O Instituto Agronômico do Paraná (Iapar), vinculado à Secretaria da Agricultura, está lançando três novas variedades de algodão, testadas e aprovadas para todas as regiões do Paraná. As variedades são IPR 94, IPR 95 e IPR 96. Ao lançar essas variedades, os pesquisadores do Iapar levaram em consideração aspectos como avanço da mecanização, mercado globalizado, diminuição nas diferenças regionais, sobretudo quanto à doenças. Segundo o pesquisador Wilson Paes de Almeida, estes e outros fatores estão alinhando os objetivos dos programas de melhoramento para um tipo de planta, mais versátil, de conformação lateral mais compacta, com resistência múltipla a doenças e de alta qualidade tecnológica de fibra.
O pesquisador destaca os maiores pesos de capulho das novas IPR. As ''maçãs'' são maiores e a aderência do algodão na ''casca'' é menor, o que facilita a retirada do algodão da cápsula, fazendo das cultivares IPR 94 e IPR 96 excelentes materiais para colheita manual, explica. Por outro lado, a arquitetura de planta, especialmente da cultivar IPR 95, de conformação mais compacta, com inserção do primeiro ramo frutífero mais alta, conferem-lhe características muito favoráveis à colheita mecanizada.
Melhoramento ''O programa de melhoramento genético do algodoeiro desenvolvido no Iapar tem dois objetivos principais: aumentar renda, via elevação de produtividade, percentagem e qualidade de fibra; e reduzir custos e riscos, através de melhor adaptação e resistência/tolerância das cultivares às doenças de maior importância'', afirma Wilson Paes.

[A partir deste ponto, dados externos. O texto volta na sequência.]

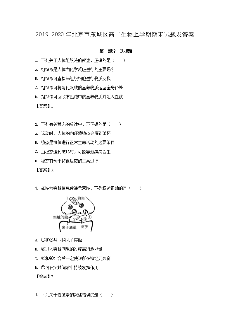 2019-2020年北京市东城区高二生物上学期期末试题及答案(Word版)06-29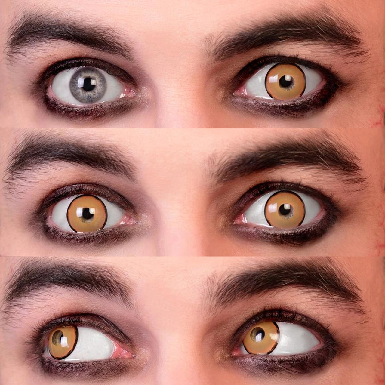 VILLAIN contact lenses features a very opaque gradient of bright yellow at the center that blends in with an orange hue and dark ring at the edge of the lens.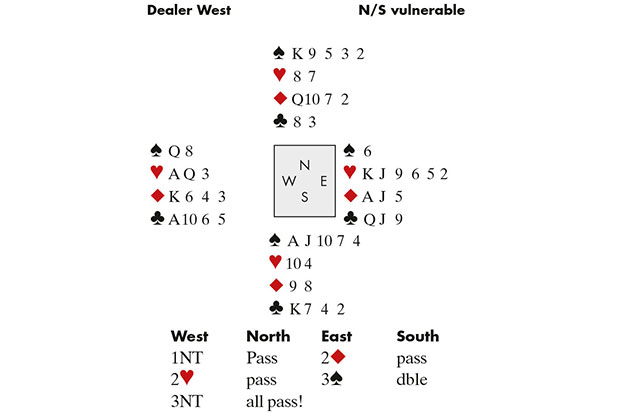 West took the Jack but found himself pseudo endplayed: having not followed the small cards in the minors carefully enough, he couldn’t work out which minor to exit, and, loath to give a ruff and sluff, he played a heart. Game over!

As novas cultivares foram obtidas a partir de hibridações simples entre cultivares comerciais. De um lado a cultivar IAPAR 71, de origem nacional; de outro, as cultivares Deltapine Acala 90, de origem americana, ou CNPA Ita 90, derivada da última. O planejamento desses cruzamentos levou em conta a complementaridade de características entre elas, particularmente em relação a doenças.

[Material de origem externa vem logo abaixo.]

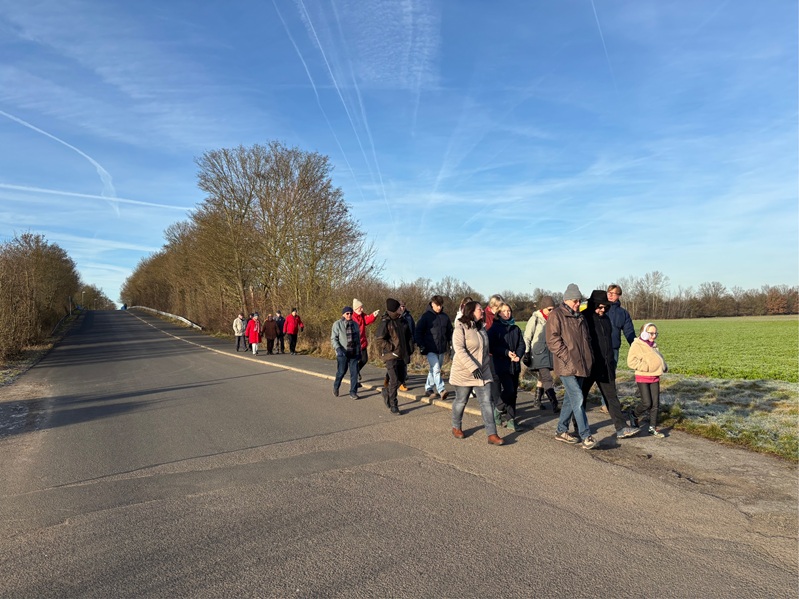WinterwanderungBei leichten Minustemperaturen führte die traditionelle Winterwanderung der Jügesheimer Kolpinger „zwischen den Jahren“ nach Weiskirchen.Der Weg ging zunächst über das östliche Jügesheimer Feld an den Tennisplätzen und dem Schützenhaus vorbei zum Schönstattzentrum. Im Zentrum wurde die Gruppe bestens mit heißen Getränken versorgt. Die letzte Reststrecke zur SKG-Gaststätte „Tresor“ war schnell bewältigt. Bei leckeren Speisen und Getränken verging die Zeit in Flug. Der Heimweg führte dann ganz unspektakulär über Weiskirchen zurück.

Só para o Paraná A indicação de cultivo das cultivares IPR está restrita, até o momento, ao Paraná, em razão dos trabalhos de pesquisa terem sido iniciados nesse Estado. Resultados muito promissores vêm sendo obtidos em outros estados, fazendo prever futura extensão de indicação nos próximos anos. Na safra 2000/2001, as novas cultivares foram utilizadas exclusivamente para produção de sementes, em cerca de 70 propriedades de diferentes regiões algodoeiras paranaenses. Em face das altas produtividades obtidas, dos rendimentos alcançados no beneficiamento e do desempenho industrial da fibra, prevê-se grande ampliação na área cultivada com elas. A disponibilidade de sementes é de 600 toneladas, englobando as classes básica, certificada e fiscalizada. Algoeste, Coagel e Coceal são as empresas paranaenses licenciadas para produção e comercialização de sementes das novas cultivares.